One downside to the mean is that it is heavily swayed by outliers. If you have a few students who scored far above or far below the rest of the students, the mean will be skewed in that direction. Remember teasing the “curve busters” in your classes in high school? Those students “broke the curve” because they scored so far above the rest of us that the average on the test was higher than it should have been – discouraging our teachers from granting bonus points across the board. This is why I always say that we must look #beyondthemean when analyzing our data.


Median

One way that we can look #beyondthemean, is by examining the median. The median is the score in the exact middle when you line them all up. If you have an even number of scores, then the median is the average of the two scores in the middle. You can only calculate the median if you have ordinal data – that is data that can be placed in a logical order, such as a test score.

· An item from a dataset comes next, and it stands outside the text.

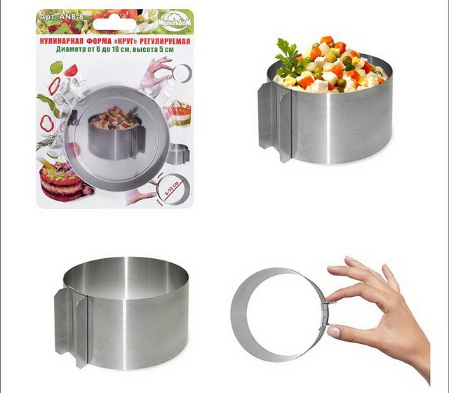 Для оформления блюд и выкладки салатов используйте регулируемую форму «Круг», изготовленную из нержавеющей стали. Форма регулируется в диаметре от 6 до 10 см. Высота изделия составляет 5 см. Чтобы уменьшить диаметр, разведите части ручки-держателя в разные стороны и зафиксируйте ее с помощью ползунка. После использования промойте губкой с использованием жидких моющих средств.
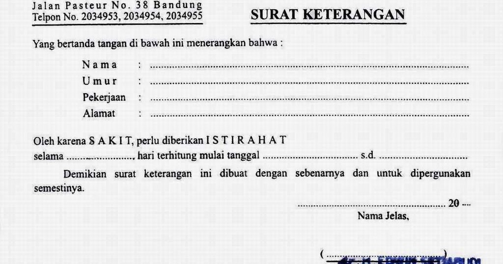 Contoh Surat Keterangan Sakit Dari Dokter via www.persuratan.com

In a perfectly distributed set of scores, the mean and median should be the same because they will both be in the exact middle of the distribution. Unfortunately, a perfectly distributed set of scores is a freak of nature that almost never happens. As such, the relationship between the mean and median is important because it can give you a feel for the skew of your data.


The skew describes which way your data leans. If the median is higher than the mean, then the data is said to “skew to the left” or to have a negative skew. That means that the outliers in your data are on the lower end of the spectrum. When your median is lower than the mean, the opposite is true. This data “skews to the right”, or has a positive skew, meaning that the outliers in your data are on the upper end of the spectrum.



Mode

The mode is simply the number, or numbers, that occur most frequently in a distribution of scores. The mode is best applied to categorical data and can be used to easily explain which category has the highest number of inputs. A distribution of scores may be unimodal, containing only one mode, bi-modal, containing two modes, or mulit-modal, containing more than two modes. By examining the mode, you can quickly spot clusters in your data that may contain useful information.


Range

The range is the difference between the highest and lowest scores in your distribution. Along with the standard deviation and quartiles, it is considered a measure of dispersion. Measures of dispersion help you to see how spread out your scores are – or how side the gap is between your highest performing student and your lowest performing student.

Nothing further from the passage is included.